**PROVIDED ENTRIES:**

****************

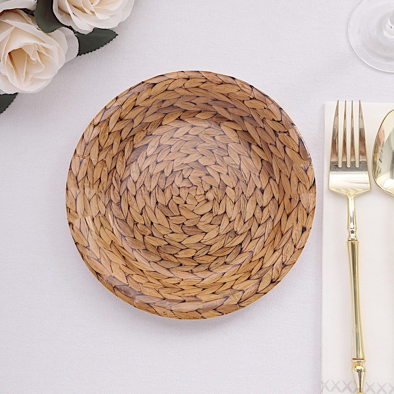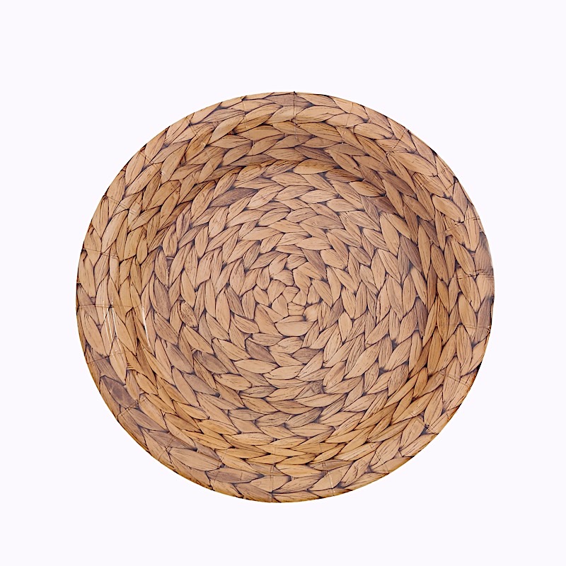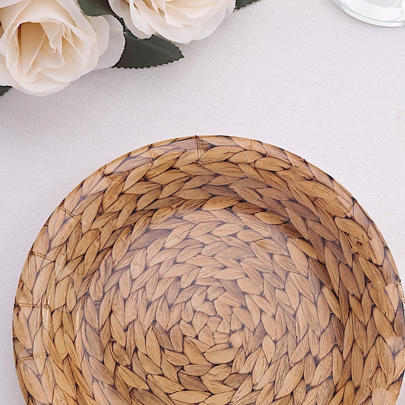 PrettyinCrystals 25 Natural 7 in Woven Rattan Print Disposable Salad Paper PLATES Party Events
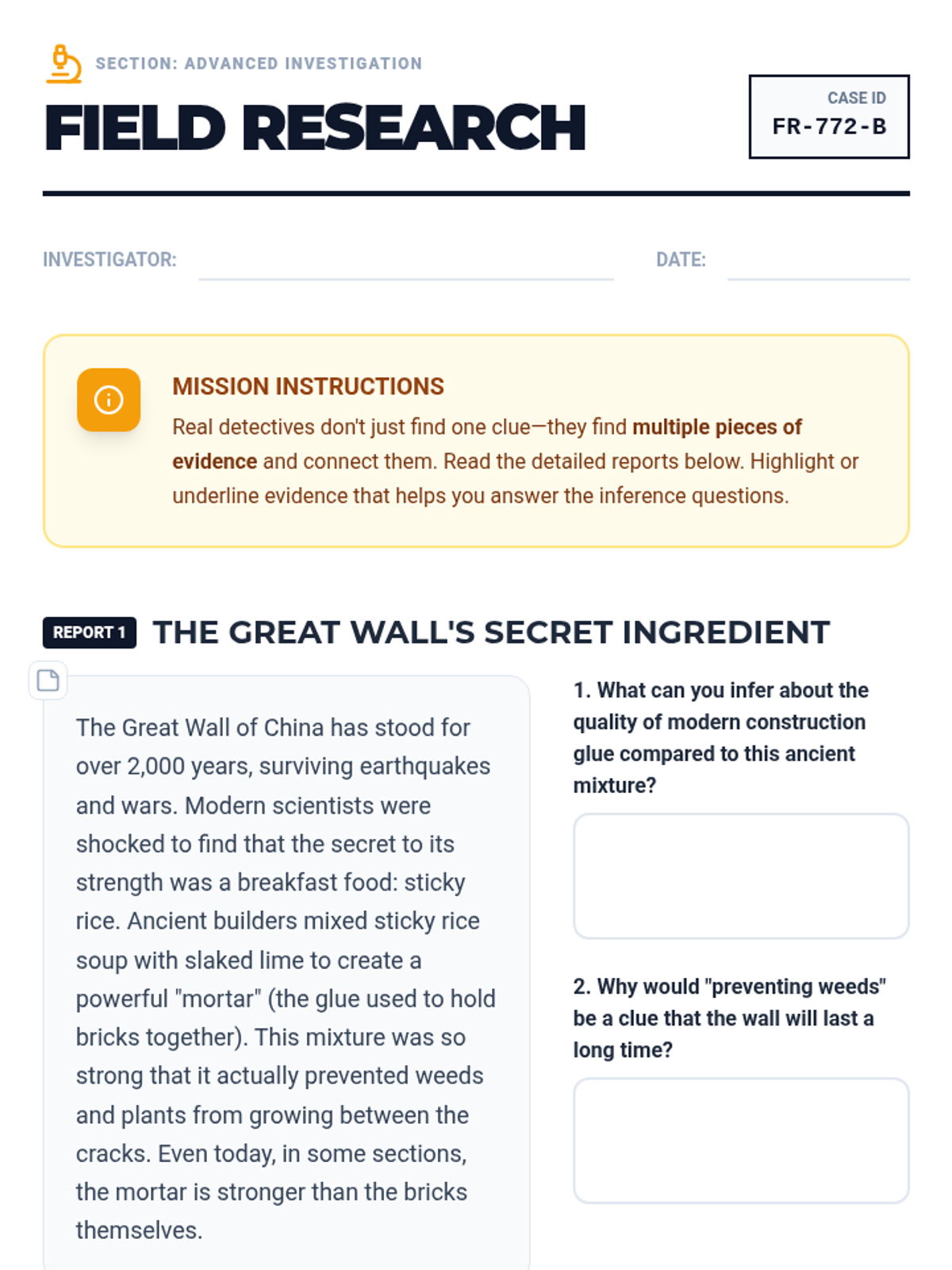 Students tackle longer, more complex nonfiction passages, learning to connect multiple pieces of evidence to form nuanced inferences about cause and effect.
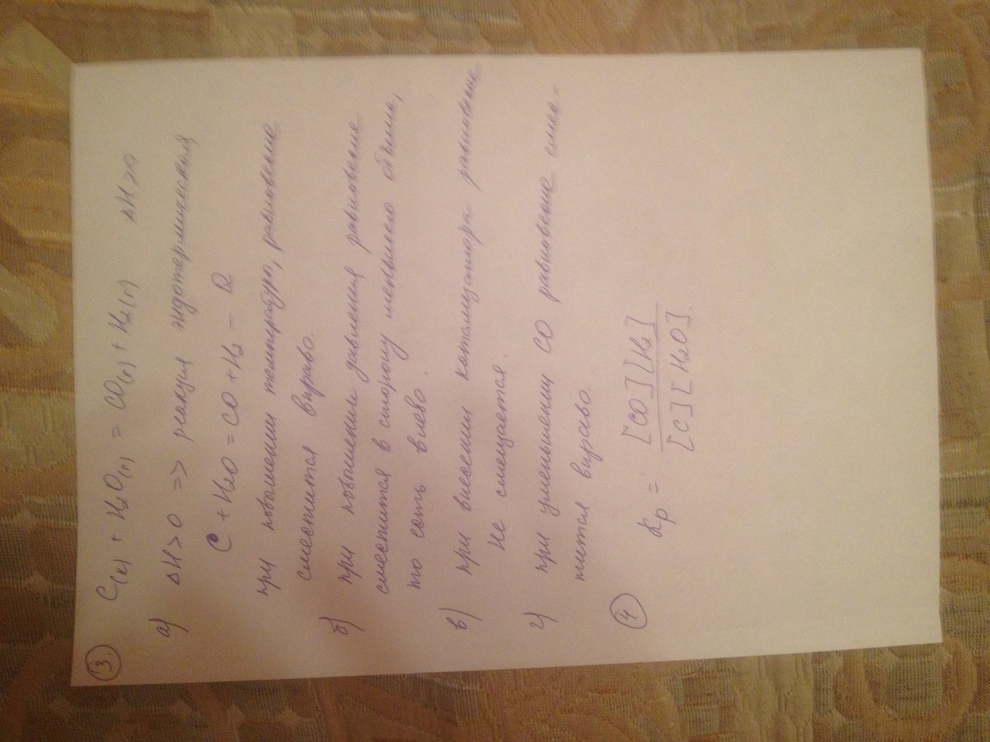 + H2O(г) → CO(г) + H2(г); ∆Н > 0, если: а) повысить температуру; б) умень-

****************

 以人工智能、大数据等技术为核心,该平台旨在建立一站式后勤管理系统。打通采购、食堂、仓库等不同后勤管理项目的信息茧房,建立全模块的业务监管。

****************

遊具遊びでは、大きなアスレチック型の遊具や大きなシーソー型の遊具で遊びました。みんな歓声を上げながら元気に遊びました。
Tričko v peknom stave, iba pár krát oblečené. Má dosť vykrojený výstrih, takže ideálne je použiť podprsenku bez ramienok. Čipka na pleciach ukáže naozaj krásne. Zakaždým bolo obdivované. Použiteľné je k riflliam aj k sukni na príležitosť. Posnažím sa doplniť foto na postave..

****************

**WHAT YOU NEED TO DO:**
After locating the line containing "PrettyinCrystals 25 Natural" in the entries above, return it and every line after it exactly, ending at the line containing "H2O(г) → CO(г)", without pictures.

**RESPONSE BELOW:**
 PrettyinCrystals 25 Natural 7 in Woven Rattan Print Disposable Salad Paper PLATES Party Events
 Students tackle longer, more complex nonfiction passages, learning to connect multiple pieces of evidence to form nuanced inferences about cause and effect.
 + H2O(г) → CO(г) + H2(г); ∆Н > 0, если: а) повысить температуру; б) умень-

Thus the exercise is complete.